Each of the randomised-controlled outcome trials (LoDoCo2, COLCOT and COPS) also measured safety outcomes. As would be expected with a drug which acts by reducing inflammatory/immune mechanisms, particular attention was paid to the possibility of increased rates of infection in colchicine-treated patients. In COLCOT, treatment was associated with a small increase in the incidence of pneumonia (0.9% v. 0.4%), whereas this effect was not observed in LoDoCo2 [15••, 17••, 18••, 48].

Almost all trials reported increased frequency of gastrointestinal adverse effects (particularly diarrhoea) in colchicine-treated patients.

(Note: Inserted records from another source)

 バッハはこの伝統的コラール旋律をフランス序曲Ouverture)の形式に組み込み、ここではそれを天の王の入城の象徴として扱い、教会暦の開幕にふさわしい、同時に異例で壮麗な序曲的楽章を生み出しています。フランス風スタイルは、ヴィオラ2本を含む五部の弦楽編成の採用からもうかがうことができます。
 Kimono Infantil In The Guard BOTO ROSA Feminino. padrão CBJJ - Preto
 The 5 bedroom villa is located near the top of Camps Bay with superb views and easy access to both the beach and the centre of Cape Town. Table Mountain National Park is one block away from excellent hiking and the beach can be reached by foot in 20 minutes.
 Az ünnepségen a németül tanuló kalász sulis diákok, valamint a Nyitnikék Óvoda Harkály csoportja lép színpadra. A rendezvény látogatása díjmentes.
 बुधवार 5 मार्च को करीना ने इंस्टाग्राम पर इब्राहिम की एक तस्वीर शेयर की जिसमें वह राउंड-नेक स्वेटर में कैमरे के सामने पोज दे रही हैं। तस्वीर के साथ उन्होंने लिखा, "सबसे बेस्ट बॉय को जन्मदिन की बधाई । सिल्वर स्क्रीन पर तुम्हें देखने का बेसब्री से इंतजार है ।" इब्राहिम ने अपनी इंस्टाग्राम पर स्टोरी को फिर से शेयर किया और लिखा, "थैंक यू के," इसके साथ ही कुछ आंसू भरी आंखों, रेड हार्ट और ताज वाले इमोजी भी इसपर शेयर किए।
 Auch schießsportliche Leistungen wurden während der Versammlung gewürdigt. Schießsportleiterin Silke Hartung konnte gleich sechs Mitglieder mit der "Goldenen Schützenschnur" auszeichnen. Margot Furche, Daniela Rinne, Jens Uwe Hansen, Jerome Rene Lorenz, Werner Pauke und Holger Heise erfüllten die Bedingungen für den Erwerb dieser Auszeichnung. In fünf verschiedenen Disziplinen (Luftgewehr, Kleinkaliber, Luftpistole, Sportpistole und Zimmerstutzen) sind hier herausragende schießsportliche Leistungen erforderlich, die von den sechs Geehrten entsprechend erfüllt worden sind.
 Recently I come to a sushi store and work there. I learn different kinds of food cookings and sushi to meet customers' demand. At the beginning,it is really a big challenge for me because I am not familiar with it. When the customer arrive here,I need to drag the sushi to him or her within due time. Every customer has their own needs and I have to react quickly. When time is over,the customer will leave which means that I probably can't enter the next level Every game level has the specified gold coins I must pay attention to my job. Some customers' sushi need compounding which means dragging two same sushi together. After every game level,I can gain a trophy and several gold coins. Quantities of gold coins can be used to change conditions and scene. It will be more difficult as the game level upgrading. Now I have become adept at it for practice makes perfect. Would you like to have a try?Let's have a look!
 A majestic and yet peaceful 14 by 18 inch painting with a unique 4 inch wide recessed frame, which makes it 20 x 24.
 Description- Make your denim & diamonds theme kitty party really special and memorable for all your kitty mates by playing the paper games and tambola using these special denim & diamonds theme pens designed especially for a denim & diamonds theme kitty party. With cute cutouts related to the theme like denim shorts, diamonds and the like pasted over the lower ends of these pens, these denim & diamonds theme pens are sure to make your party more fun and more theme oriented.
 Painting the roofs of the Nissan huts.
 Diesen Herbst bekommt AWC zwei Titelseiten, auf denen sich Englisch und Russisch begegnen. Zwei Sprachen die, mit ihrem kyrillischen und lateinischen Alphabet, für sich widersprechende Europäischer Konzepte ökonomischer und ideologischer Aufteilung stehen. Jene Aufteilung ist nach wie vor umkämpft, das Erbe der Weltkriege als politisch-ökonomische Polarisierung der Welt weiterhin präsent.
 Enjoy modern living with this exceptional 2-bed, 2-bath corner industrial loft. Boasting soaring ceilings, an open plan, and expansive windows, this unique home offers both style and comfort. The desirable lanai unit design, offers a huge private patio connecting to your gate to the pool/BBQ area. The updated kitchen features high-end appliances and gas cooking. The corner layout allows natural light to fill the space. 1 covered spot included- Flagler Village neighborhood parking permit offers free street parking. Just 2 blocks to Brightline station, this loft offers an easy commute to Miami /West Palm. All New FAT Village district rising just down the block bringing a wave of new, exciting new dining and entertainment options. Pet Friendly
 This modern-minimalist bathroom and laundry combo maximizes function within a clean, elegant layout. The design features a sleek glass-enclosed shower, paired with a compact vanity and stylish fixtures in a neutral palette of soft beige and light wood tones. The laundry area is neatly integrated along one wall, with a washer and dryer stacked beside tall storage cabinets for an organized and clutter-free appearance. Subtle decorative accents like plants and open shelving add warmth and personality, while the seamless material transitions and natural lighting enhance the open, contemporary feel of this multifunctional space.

As this effect has been consistently demonstrated in randomised studies, it is likely to indicate a causal relationship. However, it is important not to overestimate the potential importance of this effect to limit treatment. In the LoDoCo2 trial, a pre-randomisation run-in period was used, in which potential participants who experienced adverse effects left the trial before allocation to colchicine or placebo [17••]. Thus, the reported adverse effects in the randomised portion of the trial are likely to underestimate the expected prevalence in clinical practice. However, the COLCOT trial used no such run-in and therefore perhaps gives a better estimate. In this trial, diarrhoea was reported in 9.7% of patients in the treatment group compared with 8.9% in the placebo group. Thus, this is a small effect, albeit a well-known one. Extensive evidence from statin trials has indicated that the drucebo effect (whereby a patient experiences adverse drug reactions as a result of expecting such effects) accounts for a substantial proportion of reported muscle pain in patients receiving these drugs for hypercholesterolemia. This can limit the adherence to life-saving preventative drugs [50-52]. Because gastrointestinal symptoms are common (so symptoms from unrelated causes are misattributed to colchicine) and can be triggered psychosomatically, it seems likely that the drucebo effect might be expected to apply to colchicine therapy. Thus, if colchicine is to be used widely in the prevention of ASCVT, it is important to make patients aware of the relative infrequency and reversibility of adverse effects.

All the three outcomes trials to date have been conducted in ‘high-risk’ populations [15••, 17••, 18••]. It would be interesting in the future to determine whether colchicine reduces the incidence of ACVD events in a lower-risk primary-prevention population. Whilst such an approach has potential benefits, it also presents several challenges. The absolute benefit of any intervention is likely to be smaller in a low-risk population, so the potential for adverse effects might weigh more heavily against treatment in a low-risk population. Furthermore, as colchicine is no longer covered by patents, a new indication is unlikely to generate substantial revenue; thus, funding for clinical trials may be hard to secure. However, the evaluation of colchicine in larger populations could be achieved by including combining it with another intervention in a randomised trial with factorial design. Alternatively, the low cost of colchicine could make it suitable for evaluation together with other anti-atherosclerotic agents in a polypill preparation [53].

Conclusions

Low-dose colchicine has been shown to reduce cardiovascular events in patients with acute and chronic coronary syndromes in two large outcomes trials, in which the drug was generally well tolerated. No indication has been found that colchicine reduces mortality, although additional studies or longer follow-up of existing trials is required to possibly confirm this fact. In smaller trials, the effects of colchicine have been variable with respect to the effect of the drug on outcomes and inflammatory markers.